YOUR ASSIGNMENT: Line by line, return the listing exactly, without any of the images.

DATA SEGMENT:
+ + +

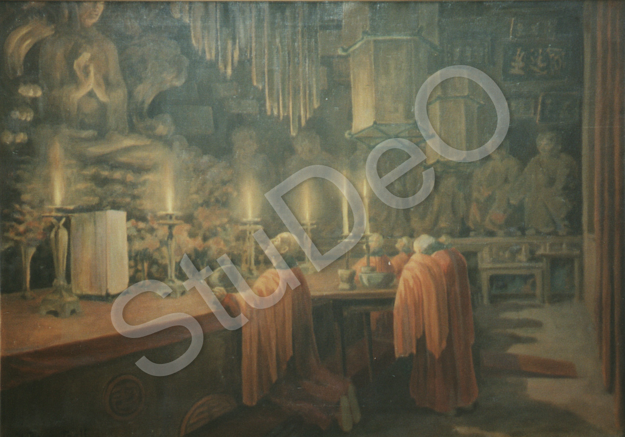 Beschreibung: Chinesische Mönche beten in einem mit Kerzen beleuchteten Tempel. Gemalt auf Leinwand von Bryantzeff in Tientsin 1936.
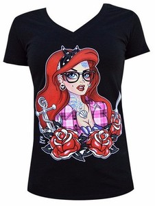 Lowbrow Art Tatoue Sirene Noir T Shirt Col V Tatouage Custom Ariel Chemise S 2xl Ebay
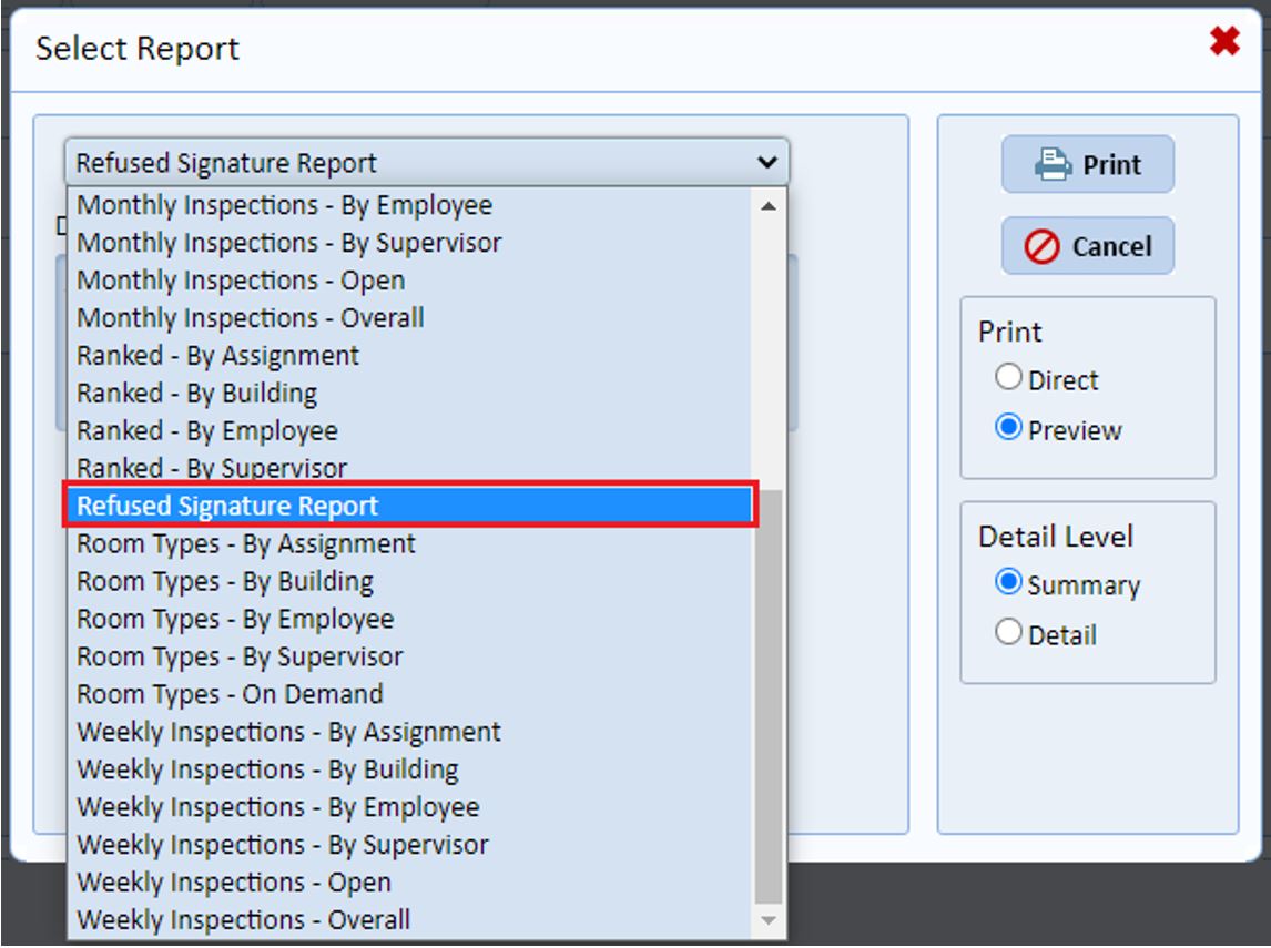 - Inspections and Surveys now have an option on the Signature Screen to select “Refuse Signature” when a signature can’t be obtained. This gives managers the ability to view and report inspections/surveys by their signature status.

+ + +

FINISHED TASK:
 Beschreibung: Chinesische Mönche beten in einem mit Kerzen beleuchteten Tempel. Gemalt auf Leinwand von Bryantzeff in Tientsin 1936.
 Lowbrow Art Tatoue Sirene Noir T Shirt Col V Tatouage Custom Ariel Chemise S 2xl Ebay
 - Inspections and Surveys now have an option on the Signature Screen to select “Refuse Signature” when a signature can’t be obtained. This gives managers the ability to view and report inspections/surveys by their signature status.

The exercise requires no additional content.